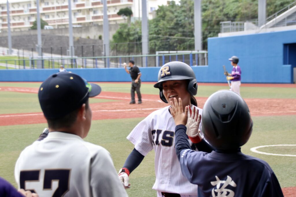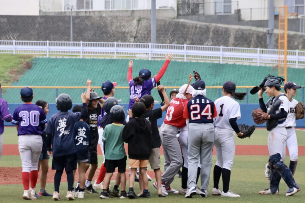 6回表に立ち直った西森絢音は、最終回に山本涼香にヒットを許したが、伝令の励ましもあった中で落ち着いてピッチングで、最終打者をファーストライナーに打ち取ってゲームセット。最後は履正社高校による沖縄での野球教室に参加した子どもたちの応援も加わり、チームEが嬉しい今大会初勝利を挙げた。
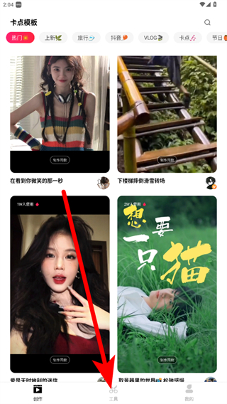 1、打開愛剪輯應(yīng)用,點擊底部創(chuàng)作界面中的工具選項。
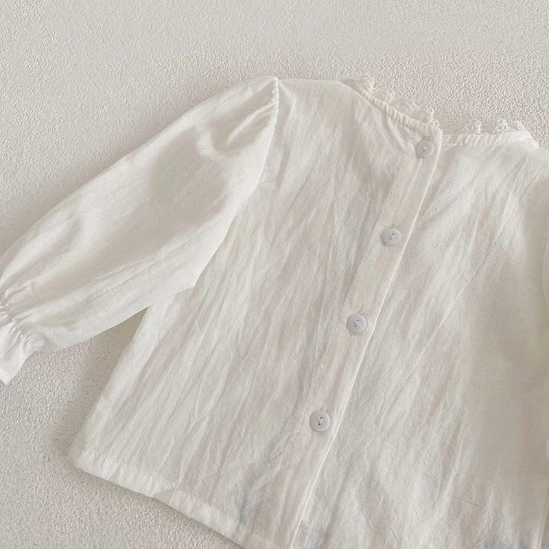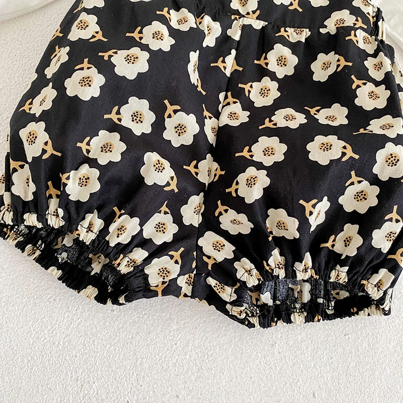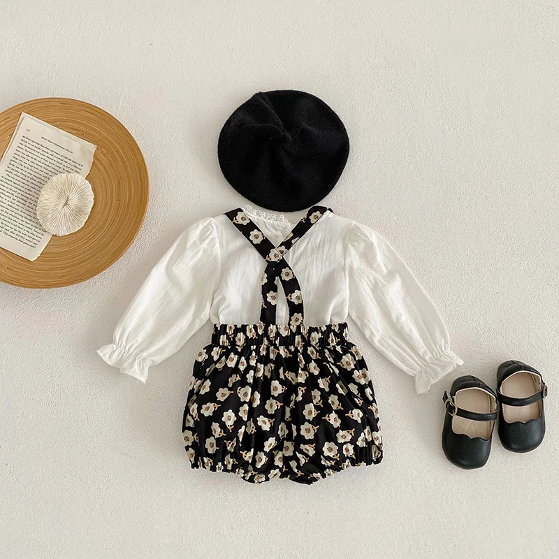 ベビーセットアップ 2点セット 長袖フリルブラウス+ショートオーバーオール サロペットバルーンパンツ【mh0006495】
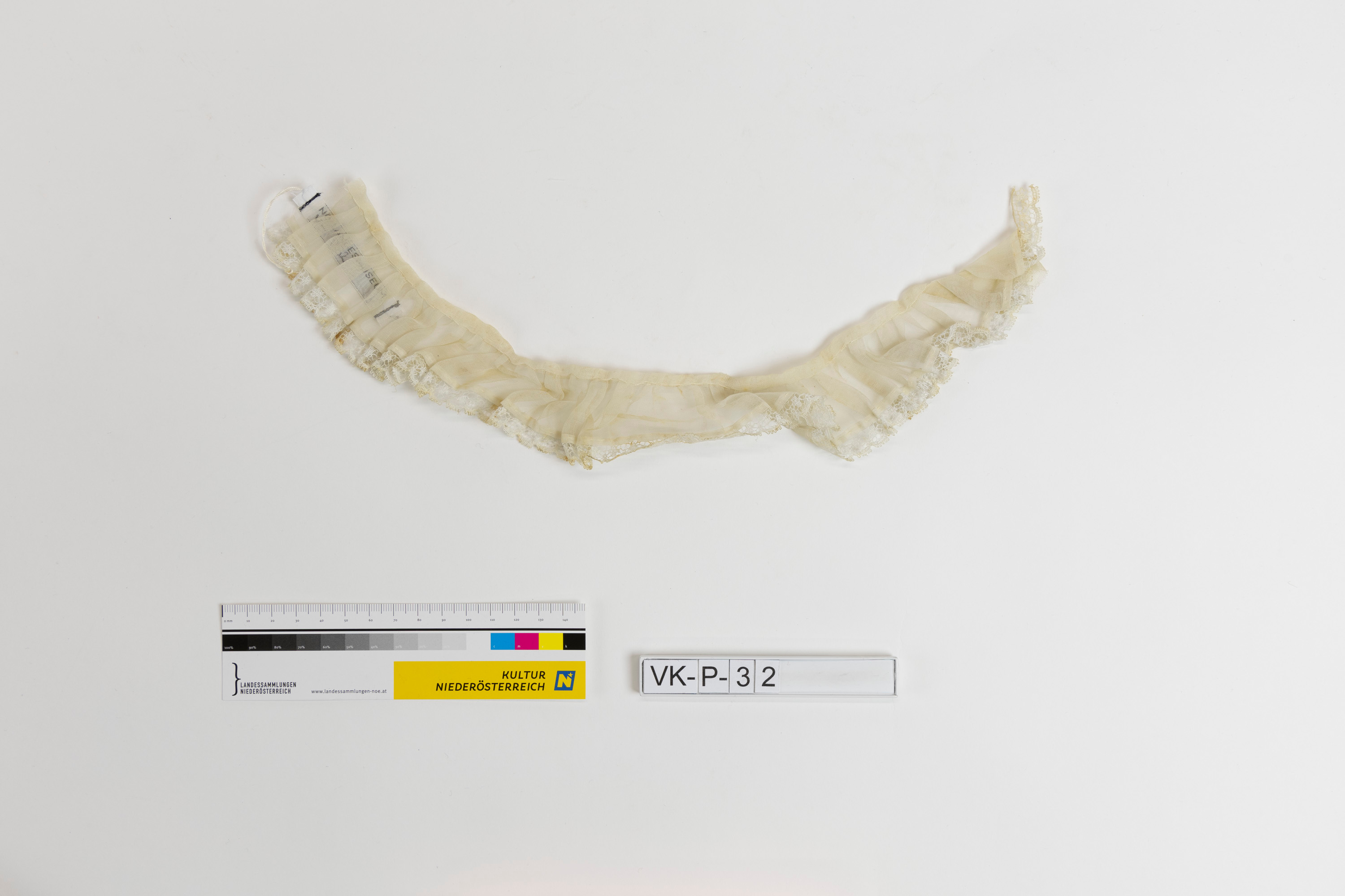 Weißer gefältelter Baumwollstreifen, besetzt mit einer Klöppelspitze im Bogenmuster.
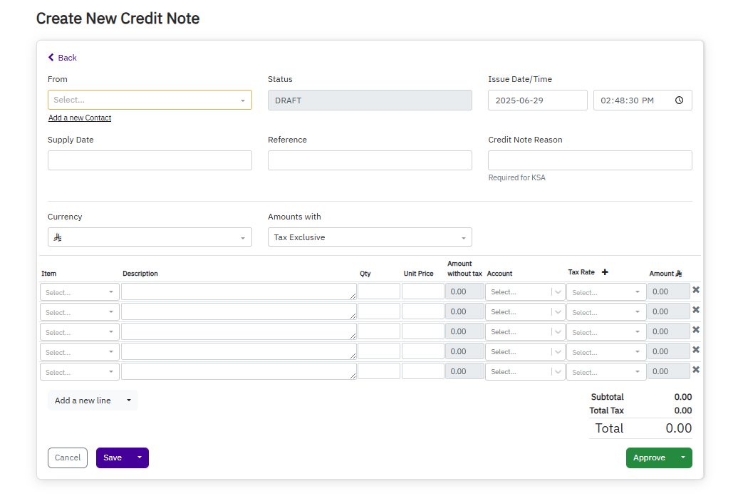- Navigate to Purchases > Credit Notes > New Credit Note

What this task involves | Nothing should appear in the answer except the lines from the one containing "1、打開愛剪輯應(yīng)用,點擊底部創(chuàng)作界面中的工具選項。" through the last line of the listing, given again exactly and with no pictures.

Reply |
 1、打開愛剪輯應(yīng)用,點擊底部創(chuàng)作界面中的工具選項。
 ベビーセットアップ 2点セット 長袖フリルブラウス+ショートオーバーオール サロペットバルーンパンツ【mh0006495】
 Weißer gefältelter Baumwollstreifen, besetzt mit einer Klöppelspitze im Bogenmuster.
- Navigate to Purchases > Credit Notes > New Credit Note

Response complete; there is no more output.